• _How to complete this task_
The response should consist only of the lines from the one with "6.- Buitenruimtes Rondom" to the end of the data below, copied exactly and without pictures.
──────── Data provided ────────
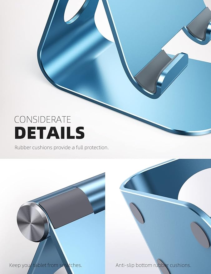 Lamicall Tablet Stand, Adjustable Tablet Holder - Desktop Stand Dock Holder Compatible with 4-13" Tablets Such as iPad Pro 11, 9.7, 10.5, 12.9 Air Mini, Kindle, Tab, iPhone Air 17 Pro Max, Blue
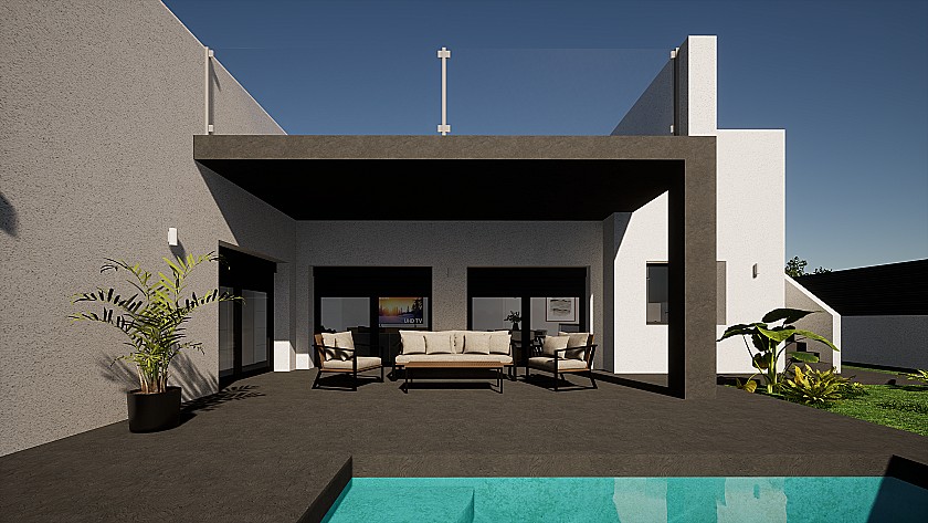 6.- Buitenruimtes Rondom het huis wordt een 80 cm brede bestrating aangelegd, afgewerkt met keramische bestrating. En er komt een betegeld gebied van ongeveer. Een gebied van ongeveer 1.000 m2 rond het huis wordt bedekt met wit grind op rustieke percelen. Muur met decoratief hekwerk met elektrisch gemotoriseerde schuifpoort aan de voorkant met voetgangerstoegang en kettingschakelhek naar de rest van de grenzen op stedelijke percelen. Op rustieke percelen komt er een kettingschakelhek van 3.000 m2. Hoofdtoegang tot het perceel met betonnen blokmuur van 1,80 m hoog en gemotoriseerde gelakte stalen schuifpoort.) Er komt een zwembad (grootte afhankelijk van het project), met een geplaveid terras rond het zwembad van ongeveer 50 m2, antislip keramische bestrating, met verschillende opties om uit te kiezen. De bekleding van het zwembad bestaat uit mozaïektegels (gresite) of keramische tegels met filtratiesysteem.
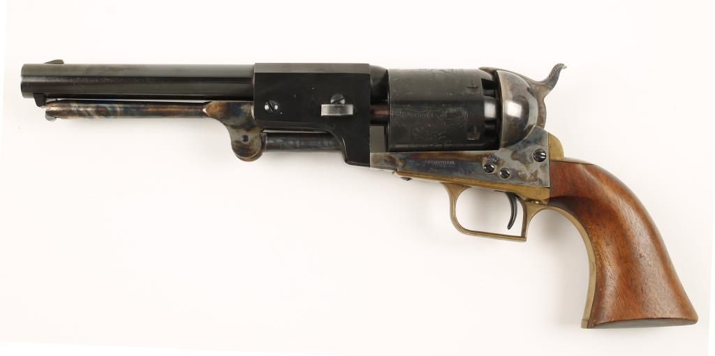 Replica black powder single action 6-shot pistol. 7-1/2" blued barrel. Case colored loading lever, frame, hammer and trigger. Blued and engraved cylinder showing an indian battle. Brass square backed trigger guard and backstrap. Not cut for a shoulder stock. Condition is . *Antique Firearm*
────────
• _Output for this task_
 6.- Buitenruimtes Rondom het huis wordt een 80 cm brede bestrating aangelegd, afgewerkt met keramische bestrating. En er komt een betegeld gebied van ongeveer. Een gebied van ongeveer 1.000 m2 rond het huis wordt bedekt met wit grind op rustieke percelen. Muur met decoratief hekwerk met elektrisch gemotoriseerde schuifpoort aan de voorkant met voetgangerstoegang en kettingschakelhek naar de rest van de grenzen op stedelijke percelen. Op rustieke percelen komt er een kettingschakelhek van 3.000 m2. Hoofdtoegang tot het perceel met betonnen blokmuur van 1,80 m hoog en gemotoriseerde gelakte stalen schuifpoort.) Er komt een zwembad (grootte afhankelijk van het project), met een geplaveid terras rond het zwembad van ongeveer 50 m2, antislip keramische bestrating, met verschillende opties om uit te kiezen. De bekleding van het zwembad bestaat uit mozaïektegels (gresite) of keramische tegels met filtratiesysteem.
 Replica black powder single action 6-shot pistol. 7-1/2" blued barrel. Case colored loading lever, frame, hammer and trigger. Blued and engraved cylinder showing an indian battle. Brass square backed trigger guard and backstrap. Not cut for a shoulder stock. Condition is . *Antique Firearm*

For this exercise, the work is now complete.